Il danno alla salute – ha chiarito correttamente la Cassazione – è un danno con conseguenze dinamico relazionali ed occorre distinguere le conseguenze comuni a tutti da quelle peculiari del caso concreto (nel qual caso occorre la prova del maggior pregiudizio sofferto).

Riteniamo tuttavia che pure essendo condivisibile la necessità per richiedere un “ appesantimento del danno”, di dare prova di come la lesione abbia determinato dei cambiamenti importanti nelle abitudini di vita, quali ad esempio le frequentazioni delle amicizie e conoscenti, la pratica di sports e hobbies, tale stringente necessità non soccorre anche nei casi di lesioni gravissime, tali da rendere sostanzialmente presupposto e implicito un radicale cambiamento delle abitudini di vita.

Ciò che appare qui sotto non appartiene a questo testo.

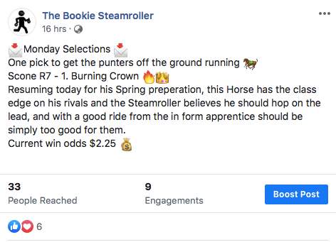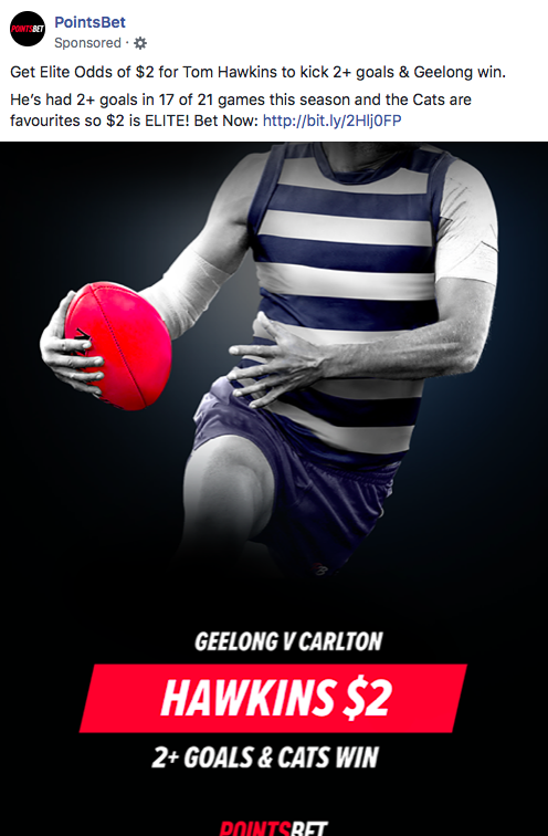 The first types of promotion I began to see were tipping pages attempting to sell their tips in exchange for money. The idea behind the marketing is simple, use emoji’s to gather their attention, a big attention grabbing photo with reference to the sport, and offer a code for exclusive promotions to their AFL and Racing tips. The majority of which show betting slips in their photos to entice the consumers, which to be fair they do a good job of. This type of marketing is affective and could easily draw in consumers like myself to click into their page and score more. For a paid advertising technique, I think this page did a very good job of being straight to the point and drawing the attention of customers. In terms of how engaging this type of post is for consumers, I believe people with interest in such services providers would be enticed in reading further into the page.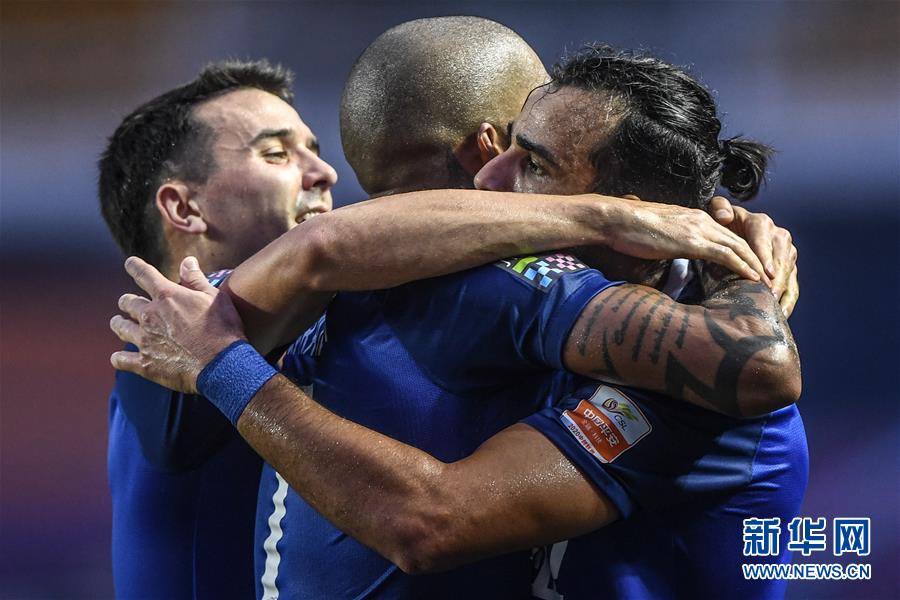 8月19日,河南建业队球员多拉多(右)进球后庆祝。 当日,在2020中国平安中国足球协会超级联赛(大连赛区)第六轮比赛中,山东鲁能泰山队对阵河南建业队。 新华社记者潘昱龙摄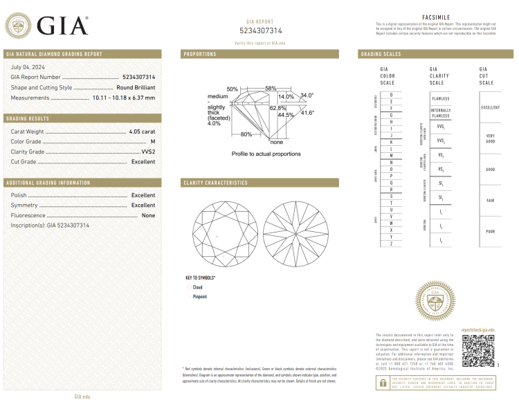 A loose round brilliant cut Natural Diamond of 4.05ct (with GIA report graded as M VVS2 #5234307314). (New)
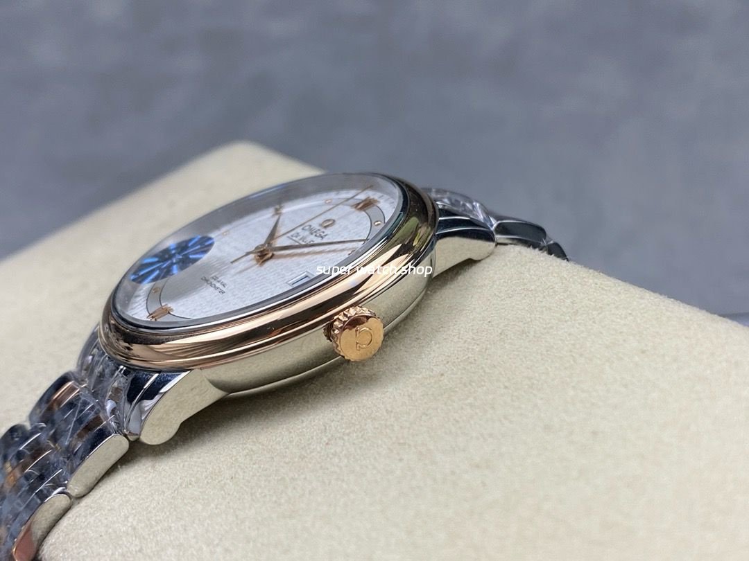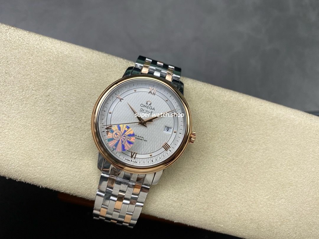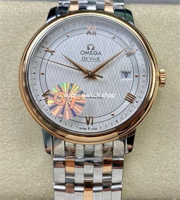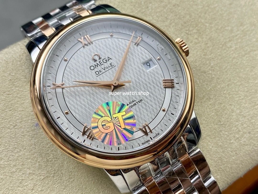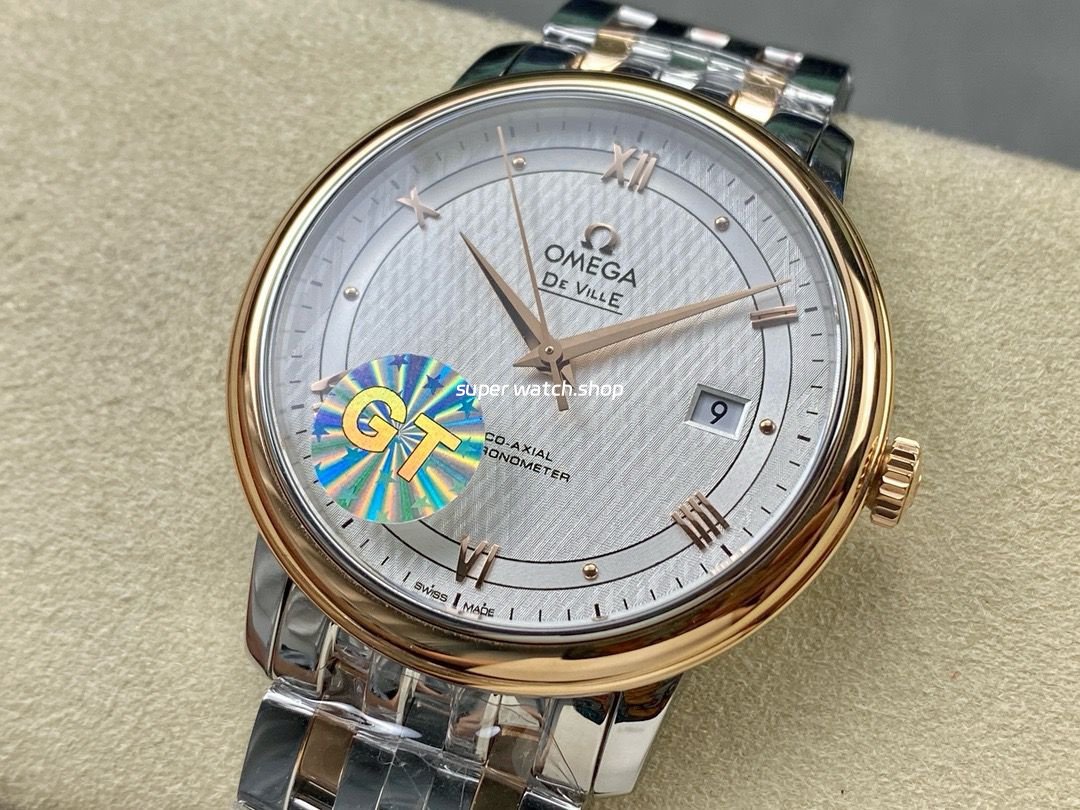 GT Factory Omega De Ville Prestige 424.20.40.20.02.003 39.5mm Half Gold Steel Gold Roman Number Silver Web Weaving Dial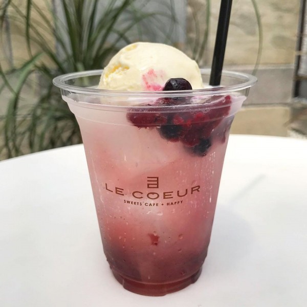 ラズベリーとレモンをブレンドしたダブルの酸味と爽やかな風味のコーディアルシロップに、自家製ラズベリーソースとバニラアイスをトッピング!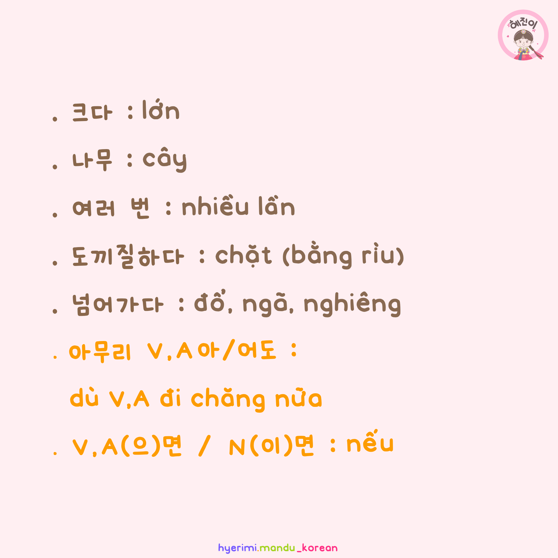 . 크다 : lớn . 나무 : cây . 여러 번 : nhiều lần . 도끼질하다 : chặt (bằng rìu) . 넘어가다 : đổ, ngã, nghiêng . 아무리 V,A아/어도 : dù V,A đi chăng nữa . V,A(으)면 / N(이)면 : nếu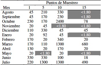 El muestreo y el procesamiento de todos los parámetros microbiológicos se realizaron teniendo en cuenta las recomendaciones y métodos estándar descritos por Rice y colaboradores (Rice et al., 2012). Para cuantificar coliformes totales, coliformes termotolerantes, Escherichia coli . Enterococcus faecalis se utilizaron los métodos SM-9221B, SM-9221E, SM-9221F y SM 9230-SM 9230.B respectivamente. La lectura se hizo utilizando la tabla NMP (SM-9221B). Para la determinación de la presencia o ausencia de Vibrio spp. y Salmonella spp. se utilizaron los métodos SM 9260.B y SM 9260.H.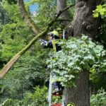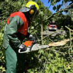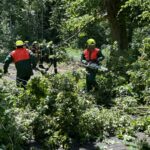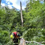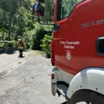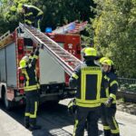 Bei kräftigen Schauern mit stürmischen Windböen brach eine große Buche am Rand des Gehrdener Berges ab. Die stark belaubte Krone stürzte auf das Ende der Bismarkstraße und versperrte dort den Übergang in bzw. aus dem Wald. Zudem lagen große Äste auf dem Grundstück eines Einfamilienhauses und ragten darüber hinaus bis in den öffentlichen Fußweg. Anwohner verständigten die Feuerwehr, da auch unklar war, ob weitere Baumteile abstürzen und Fußgänger gefährden könnten. Feuerwehrleute zerteilten die auf den öffentlichen Verkehrsflächen liegenden Äste mit einer Motorkettensäge und räumten diese an die Seiten. Zudem erkannten die Einsatzkräfte einige große Äste, die sich in einem anderen Baum verfangen hatten und abzustürzen drohten. Von einer Leiter konnte ein Feuerwehrmann diese zerteilen und anschließend zu Boden bringen. Danach waren alle akuten Gefahrenstellen beseitigt und der Feuerwehreinsatz beendet.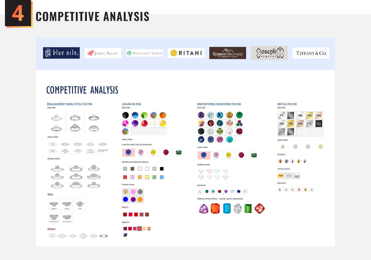I performed a competitive analysis to understand how competitors were filtering their products. I also researched other e-commerce companies to find inspiration from designs that were meeting user's needs in innovative and delightful ways.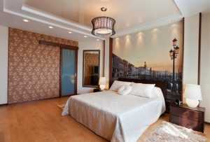 Есть у натяжных потолков один недостаток: после его установки крепление чего-либо на нем становится практически невозможным. Поэтому о конструкции и выборе освещения для спальни необходимо подумать до того, как потолок будет установлен.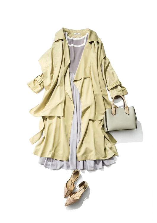 ストール付きトレンチコート¥25,960/SNIDEL ルミネ新宿2店 ニットドレス[カーディガンとセット販売]¥28,000/Her lip to ハンドバッグ¥4,480/grove(ワールド) ストラップパンプス¥13,200/アルテミス by ダイアナ(アルテミス by ダイアナ アーバンドック ららぽーと豊洲店)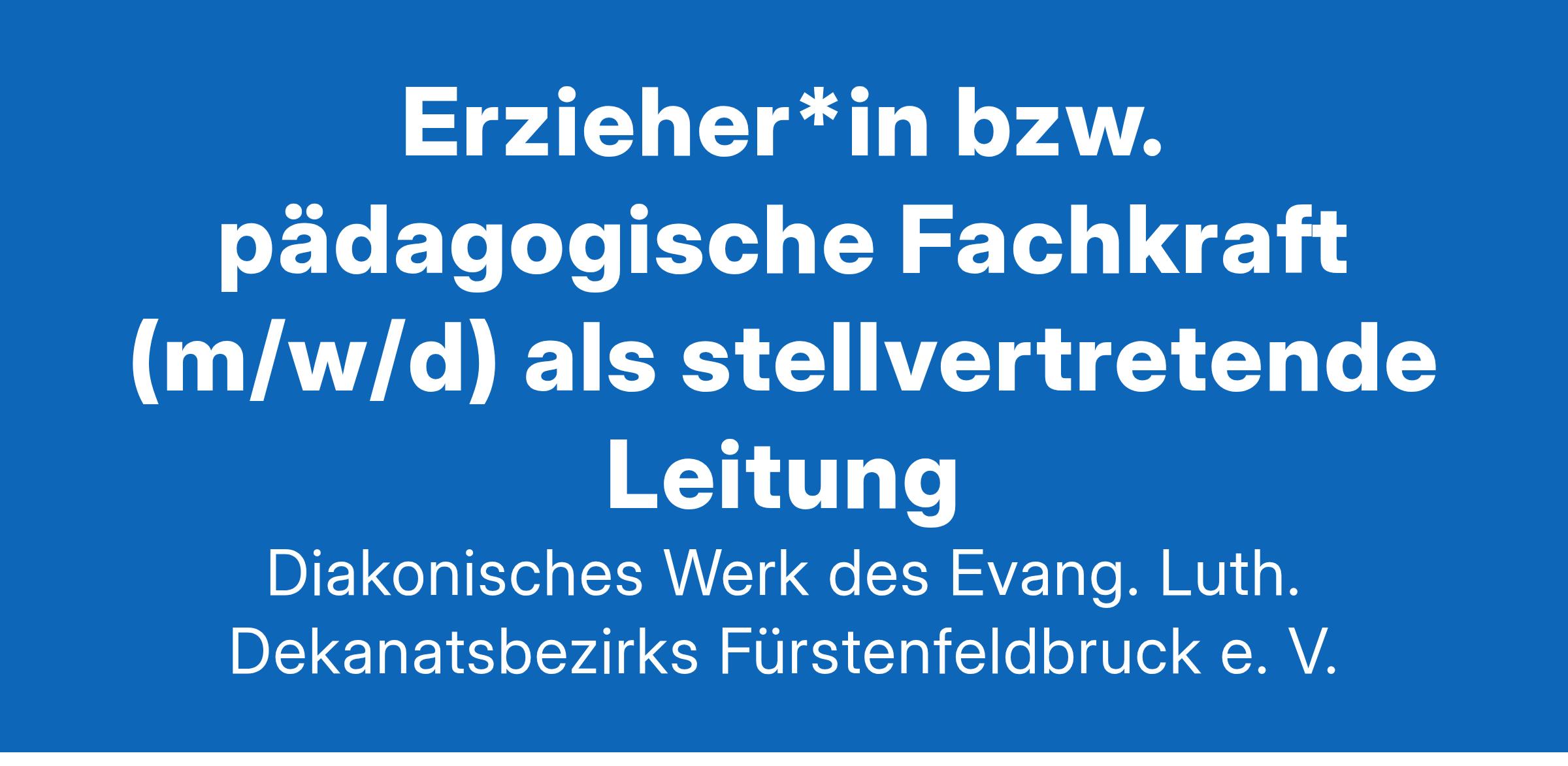 päd. Fachkraft (m/w/d) als stellvertretende Leitung in Vollzeit Was wir uns von Dir wünschen Mit einem Abschluss in Sozialpädagogik, als Erzieher*in bzw. pädagogische Fachkraft (oder mit einer vergleichbaren Qualifikation) schaffst Du einen sicheren, beschützten Raum, in dem sich die Kinder zu selbstständigen Persönlichkeiten entwickeln können. Mit Deinem Fachwissen unterstützt Du unsere Leitung nicht nur bei der Weiterentwicklung unserer Konzepte und unseren pädagogischer Angebote, sondern auch bei administrative und verwaltungs technischen Aufgaben. Die Eltern siehst Du als wichtigen Bildungs- und Erziehungspartner für die Einrichtung. Bei Festen und Ausflügen bringst Du Deine Kreativität und Dein Organisationstalent ein. Auch bei der Gestaltung der Gruppenräume freuen wir uns schon auf neue Ideen. Auf was Du Dich bei uns freuen kannst Tarifliche Sicherheit durch Eingruppierung nach AVR Diakonie Bayern mit Jahressonderzahlung, attraktiver Zusatzversorgung und Beihilfeversicherung sowie Betriebsrente Doppelte Ballungsraumzulage von bis zu 270 € im Monat und eine Extra-Zulage Familienbudget nach AVR Diakonie Bayern mit bis zu zwei zusätzlichen Urlaubstagen und flexible Arbeitszeiten Angenehmes Betriebsklima in einem modern ausgestatteten Arbeitsumfeld mit einem professionellen Team Unterstützung durch ein super nettes, engagiertes und erfahrenes Team Regelmäßige Mitarbeitergespräche Fort- und Weiterbildungsmöglichkeiten Exklusive Vergünstigungen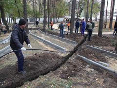 После проведения подготовительных работ подрядные организации и жители ТОС «Сосна» приступили к осуществлению первого этапа благоустройства парка, который будет завершен в ноябре.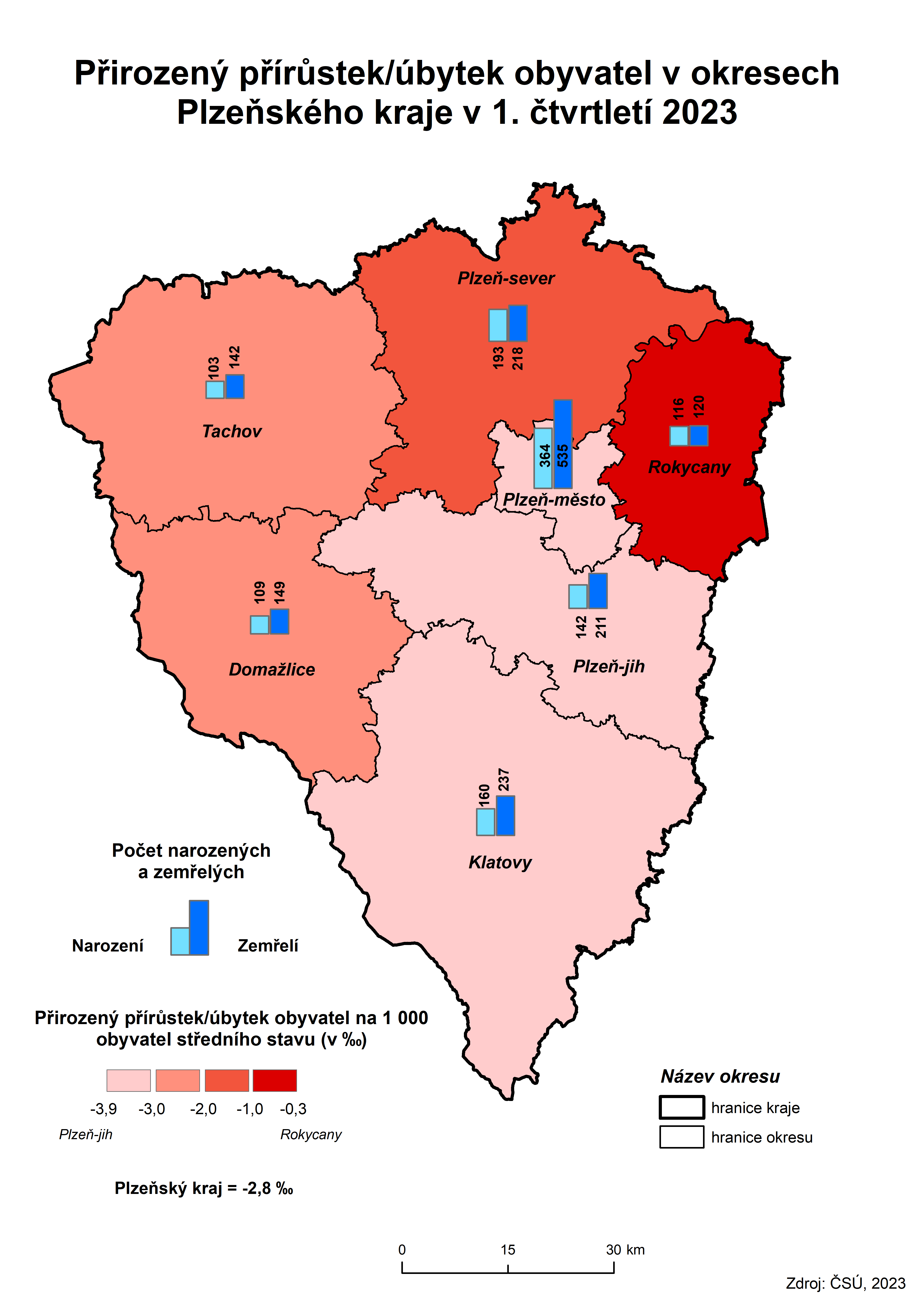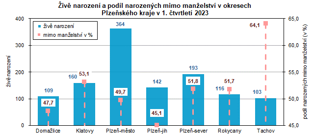 V kraji se za 1. čtvrtletí 2023 živě narodilo 1 187 dětí, což je o 178 dětí méně než za stejné období předchozího roku. V kraji se narodilo více chlapců než děvčat, a to o 57. V tomto čtvrtletí převažovaly holčičky nad chlapci v okresech Domažlice (o 7) a Klatovy (o 2).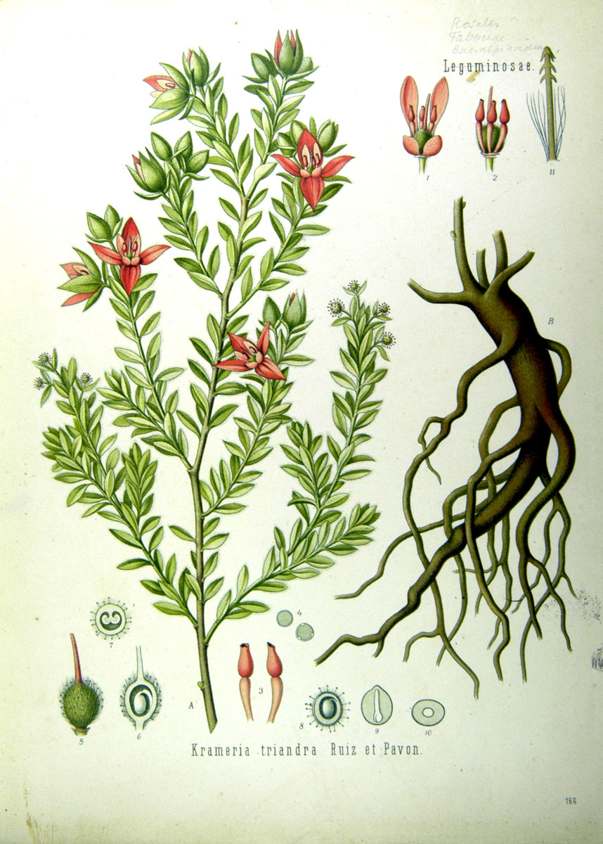 Pflanze: Krameria lappacea (syn.: K. triandra) / Rote Ratanhia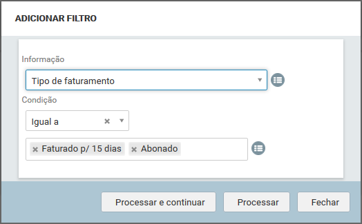 Ao selecionar uma informação adicional, se define também uma condição que será utilizada como critério associado a um valor que poderá ser selecionado (caso a informação possua valores cadastrados) ou então, informado manualmente, para que assim possa ser realizada a pesquisa de clientes. Como exemplo, foi selecionado a informação "Tipo de faturamento" e as condições disponíveis são as seguintes:

Si pensi a un giovane di 20 anni incorso in una invalidità permanente del 90%, e si comprende come la prova del mutamento di vita, almeno nel contesto delle trattative stragiudiziali, non sia così imprescindibile per ottenere dalla Compagnia di assicurazione una maggiorazione dell’importo liquidato a titolo di risarcimento in forza di tale danno.

L’entità della lesione a nostro parere è infatti tale, che assorbe il valore di qualsiasi forma presuntiva, in termini di proiezione futura e futuribile, che qualsivoglia forma di prova possa fornire.